Der ukrainischen Armee ist es in den letzten Wochen gelungen, die russischen Besatzer an mehreren Frontabschnitten zurückzudrängen. Grössere Gebiete mit Dutzenden Ortschaften sind wieder unter ukrainischer Kontrolle. Doch auch wenn die Russen erstmal weg sind – der Krieg ist in den befreiten Gebieten nicht vorbei. So zum Beispiel in Cherson.
Noch vor wenigen Wochen kontrollierten die Russen die Gegend – bis sie von den Ukrainern zurückgedrängt wurden. Die Dörfer und Felder hier sind immer noch Frontgebiet. Das Team von Radio SRF wird von einer Presseoffizierin der ukrainischen Armee begleitet, an Checkpoint kontrollieren Soldaten jedes Auto, im Schutz von Bäumen stehen gepanzerte Mannschaftstransporter, Artilleriegeschütze. Zivilisten sind kaum unterwegs.

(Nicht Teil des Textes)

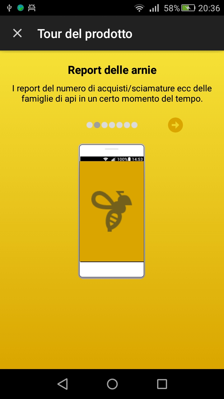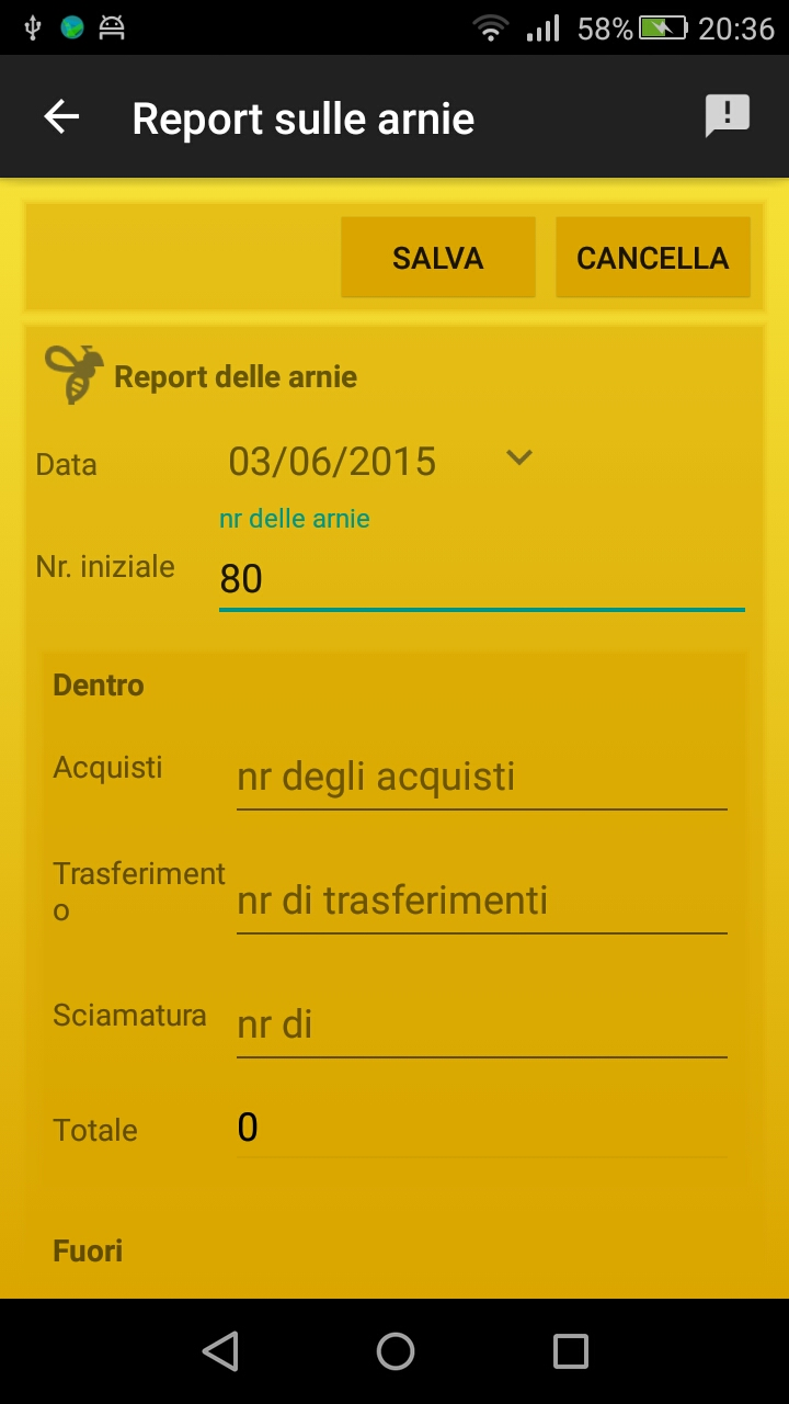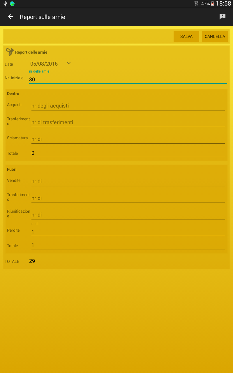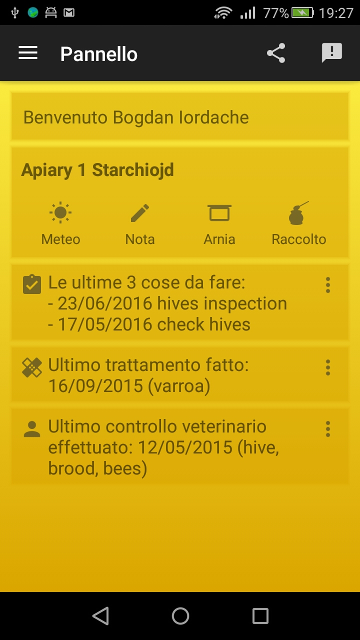 • Dettagli arnia: tipo, fondo, numero di telai, stato (attiva, immagazzinata, venduta), risorse e stato delle api, forza della famiglia(debole, normale)

Eingestürztes Dach – gepflegter Garten
Eine der wenigen, die noch ausharrt, ist Nina Petrovna. Die 73-Jährige führt durch ihren Garten – ein grosses Grundstück. In einem Schopf hält sie Hühner und drei Schweine – es ist Zeit, die Tiere zu füttern. «Wir haben Krieg, aber um Haus und Hof muss man sich trotzdem kümmern», sagt Petrovna. Ihr Haus allerdings ist eine Ruine. Mutmasslich russische Brandbomben haben es in Schutt und Asche gelegt. Das Dach ist eingestürzt, im Innern ein schwarz-braunes Durcheinander von verkohlten Balken und Schutt.

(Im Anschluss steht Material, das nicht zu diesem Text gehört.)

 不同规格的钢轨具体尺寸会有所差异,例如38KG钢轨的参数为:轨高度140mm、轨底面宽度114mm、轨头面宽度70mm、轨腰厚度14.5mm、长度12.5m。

Überhaupt: Im ganzen Dorf ist die Zerstörung fürchterlich. Entlang der Hauptstrasse ist so gut wie kein Haus heil geblieben. Die Schule ist komplett zerschossen. Miroljubovka heisst der Ort, in dem Nina Petrovna lebt. «Friedensliebe», bedeutet der Name des Dorfes. Der Krieg hat es in eine apokalyptische Ruinenlandschaft verwandelt. Petrovna, die ehemalige Lehrerin und Dorfvorsteherin, hat alles miterlebt: «Am 11. März kamen die Russen. Seither lebe ich im Keller, dort drüben im Garten ist der Eingang.»
Normale Zivilisten haben die Russen nicht angefasst. Aber sie haben Leute gesucht, die früher schon im Donbass gekämpft haben.
Nina Petrovna hat viele Falten in ihrem sonnengegerbten Gesicht. Sie trägt eine Wollweste gegen die herbstliche Kälte und hat ein knallgelbes Kopftuch umgebunden. Ihre Schilderungen der Besatzungszeit sind nüchtern, sachlich. «Normale Zivilisten wie mich haben die Russen nicht angefasst. Aber sie haben Leute gesucht, die früher schon im Donbass gekämpft haben. Der eine Nachbar wurde mit erhobenen Händen durchs Dorf gejagt. Einen anderen haben sie misshandelt – weil sein Enkel für die Ukraine gekämpft hat.»
Von den 700 Einwohnerinnen und Einwohnern Miroljubovkas haben etwa 100 unter der russischen Besatzung ausgeharrt. Petrovna erzählt vom Dilemma, unter dem die Menschen litten: Wie mit dem Feind umgehen? «Die Russen waren zunächst selbst schlecht versorgt. Dann haben sie Nachschub bekommen und uns humanitäre Hilfe angeboten», erzählt sie.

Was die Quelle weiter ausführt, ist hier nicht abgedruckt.